Intrigas de corte sempre geraram um bom pano de fundo dramático. Afinal, trata-se da ideia de um ambiente restrito onde as consequências da condição humana são elevadas por conta de uma situação de destaque e simplesmente irresistível. Em cartaz nos cinemas brazucas, há um filme que traz figuras envoltas pela realeza lutando sagazmente por poder e lidando com seus conflitos internos de maneira inventiva e emocionante.

Antes de prosseguir, deixe-me esclarecer logo que o nome desse filme é “A Favorita”. “Duas Rainhas”, por sua vez, ainda que queira ser uma produção no extremo oposto do longa do grego Yorgos Lanthimos, falha em estabelecer uma real identidade no decorrer de suas (longas) duas horas. Ao final, parece um apanhado de cenas já vistas em outros dramas históricos, mal sobrevivendo ao acender das luzes da sala.

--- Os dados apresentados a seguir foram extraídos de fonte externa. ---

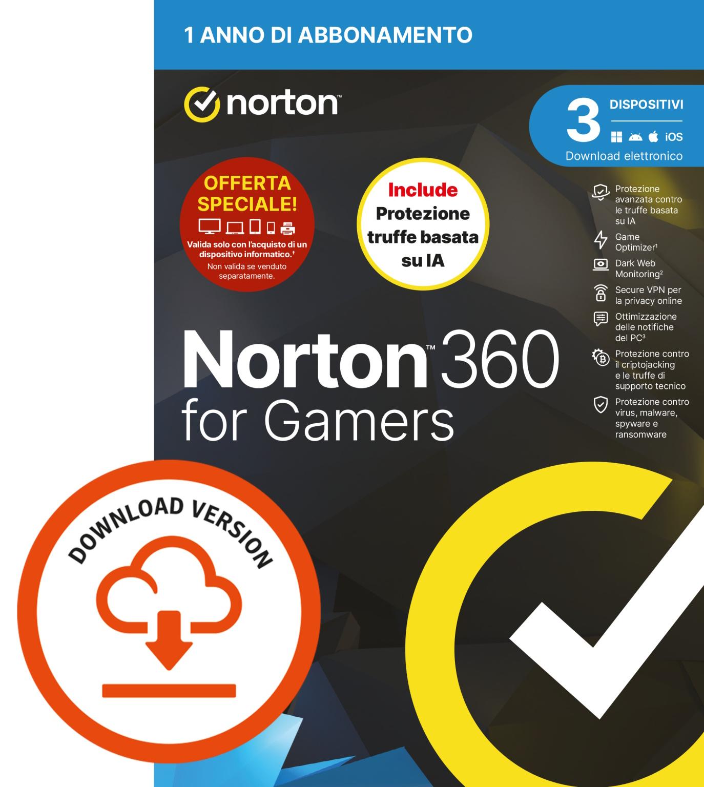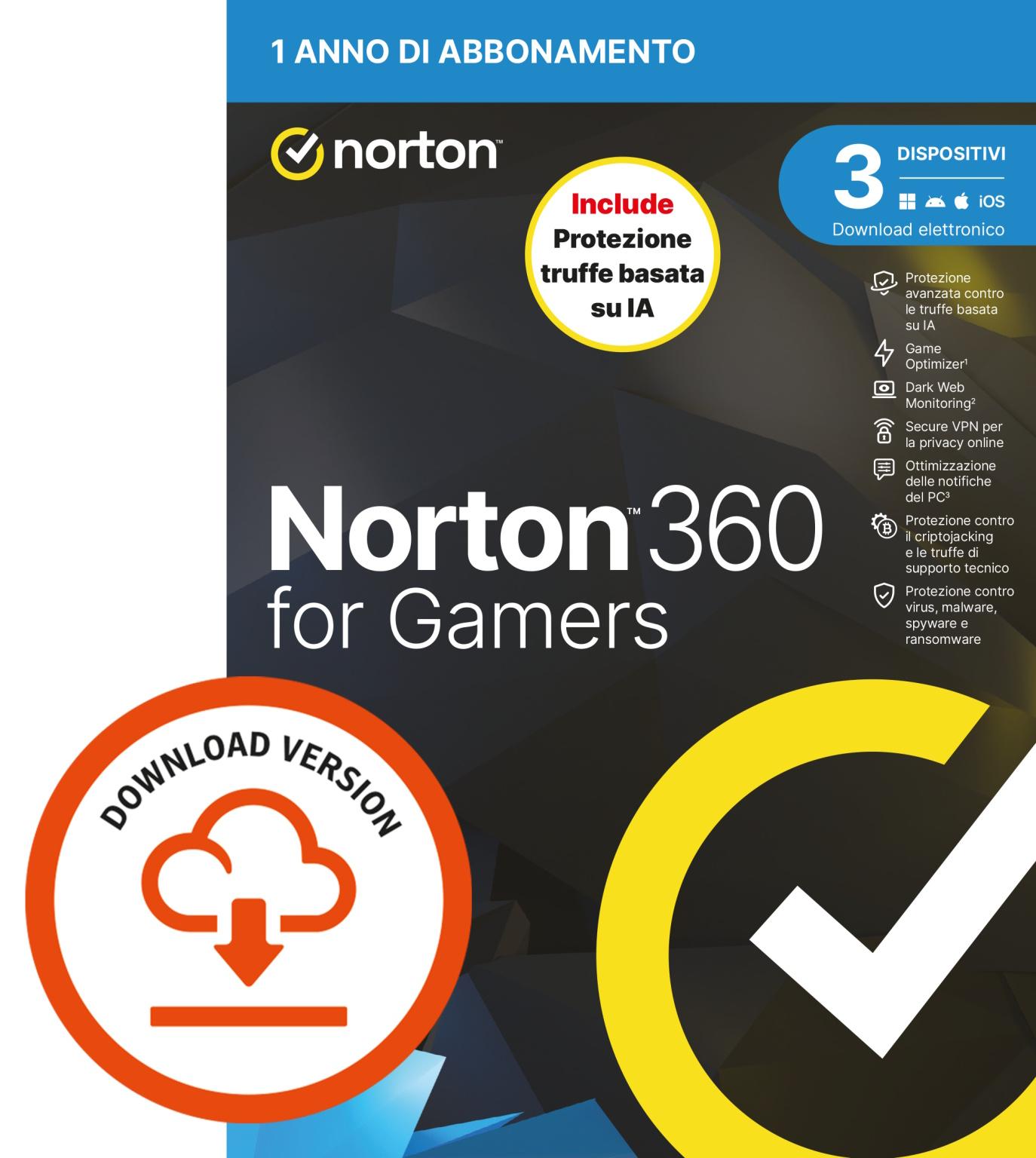 NORTON 360 FOR GAMERS 2026 -ANTITRUFFA- 3 DISPOSITIVI 12 MESI 50GB - IT ESD
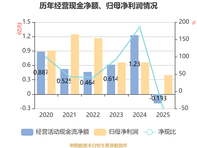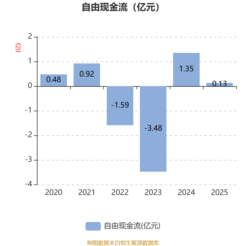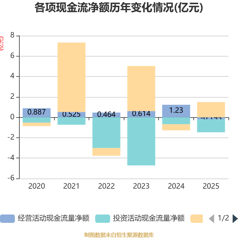 截至2025年,公司经营活动现金流净额为-1932.55万元,同比减少1.42亿元;筹资活动现金流净额1.49亿元,同比增加2.09亿元;投资活动现金流净额-1.28亿元,上年同期为-6818.82万元。
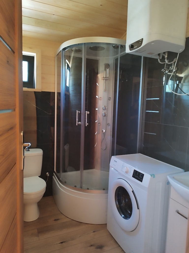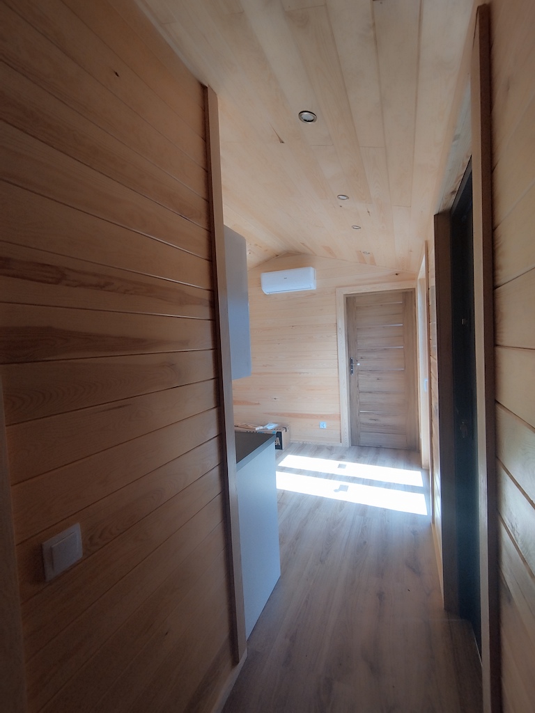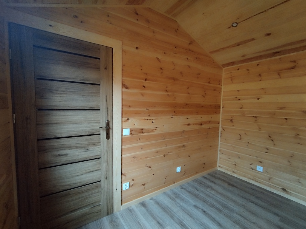 Przedmiotem sprzedaży jest domek mobilny całoroczny z wyposażeniem. Do produkcji domków używamy naturalnych materiałów co pozwala na uzyskanie pięknego naturalnego zapachu.

Isso é uma pena por diversos motivos, sendo o desempenho de Margot Robbie como Elizabeth I o principal deles. Imortalizada como poderosa nas mãos de Cate Blanchett, vemos a mesma personagem ganhar uma fragilidade multifacetada aqui. Enquanto o arco de Mary Stuart (Saiorse Ronan) se assemelha demais ao da heroína sofredora,  Elizabeth é uma mulher desafiando a sua própria concepção de gênero em prol da gestão de um Estado.

Nos poucos momentos em que aparece, a rainha inglesa rouba a cena, dando a impressão de que uma história muito mais interessante acontece às margens da ação delineada pela diretora Josie Rourke. Essa ação, ainda que ganhe certo vigor durante a metade final da produção, não resiste à sequência de clichês narrativos usados para retratá-la.

Na história, Mary volta para a Escócia, depois de se tornar viúva na França, com esperanças de ascender ao trono. Lá, por ser católica, ela sofre oposição da elite local e, na Inglaterra, ela também encara a revolta dos poderosos da corte de Elizabeth, que vem legitimidade em seu reinado e, logo, uma ameaça aos seus interesses.

É interessante que “Duas Rainhas” esteja sendo vendido como uma disputa entre duas mulheres, talvez para cortejar o inconsciente coletivo potencialmente machista que aprecia esse tipo de conflito. Na realidade, apesar delas estarem em lados diferentes, a disputa é muito mais entre seus grupos aliados – ambos compostos exclusivamente de homens – do que entre as personagens de Margot Robbie e Saoirse Ronan. Entre elas, fica claro que há uma admiração e um afeição que precisa ser sublimado em prol da política.

Isso fica explícito em uma cena perto do final do longa, tão forte que nos perguntamos porque precisamos passar por tantas sequências soporíferas para chegar nela. Apesar do talento envolvido, “Duas Rainhas” é um filme cheio de excelentes possibilidades, que acabam abandonadas e substituídas por um drama chavão e esquecível.